The new features aim to help you more easily find the tweets, people, and news users are likely to be most interested in.
Mere weeks after personalizing trending topics, Twitter has unveiled new search and discovery features that aim to help you find the tweets, people, and news users are likely to be most interested in more easily.
Together, the overhaul suggests that Twitter is trying to customize the user experience in every conceivable direction. In this instance, the main new search features create an autocomplete option and the ability to view search results solely from people you follow.
The former adopts a Google-like tool where Twitter tries to guess the topic you’re searching for as you’re typing it. As you type the word or phrase you’re looking for, Twitter will show you a drop-down list of suggestions to help you get to where you’re going a little faster.
The search results will then show the most relevant tweets and accounts, along with the most significant images, videos, and news articles related to your search query. If you happen to misspell a word you’re looking for, Twitter will offer spelling corrections.
Meanwhile, if you’re looking for tweets and people linked to a topic that tweeters use multiple search terms for, Twitter will offer relevant suggestions. For instance, if you’re looking for information related to Sunday’s Wimbledon final and search for “Andy Murray,” Twitter might suggest that you search for “Roger Federer”-related details too.
One of the key updates is the option to few search results solely from people you follow. While Twitter’s long given you the chance to switch between top tweets and the most recent 140-character messages using a certain phrase or word, you can now hit a “People you follow” link instead. This can prove especially useful if you catch something interesting in your timeline, but it floats on by in the river of tweets. If you remember a certain word or phrase used in that tweet, it should now be easier to find again.

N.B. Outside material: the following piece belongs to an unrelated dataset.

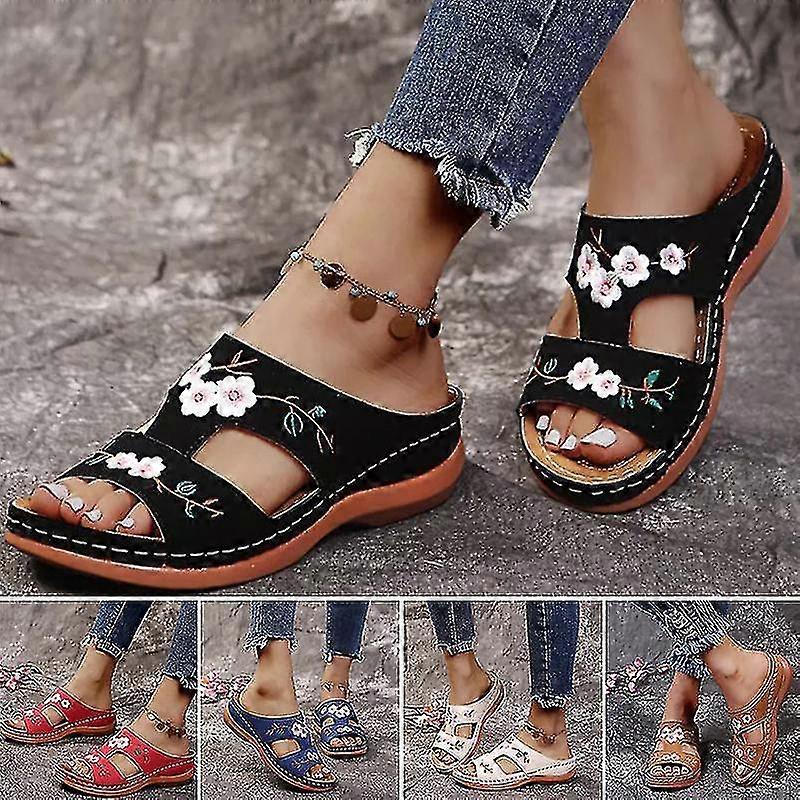 leather flower embroidered vintage casual soft footbed orthopedic arch-support sandals

Twitter’s gradually pushing these updates out to everyone through its website, while the related search suggestions, autocomplete, and corrections are coming to its iPhone and Twitter applications as well.
The first indication of the new-look search and discovery features leaked Thursday when Pankaj Gupta, who leads Twitter’s personalization and recommender systems group, tweeted: “Search & discovery in @twitter set to change forever after tmrw.”
The new tools aren’t exactly as groundbreaking as say, finally letting you search tweets older than a few days old, though they should certainly come in useful.
With 340 million tweets every day as of March, finding tweets and tweeters which match your interests can be an overwhelming proposition. The search and discover updates will go a long way towards resolving that issue.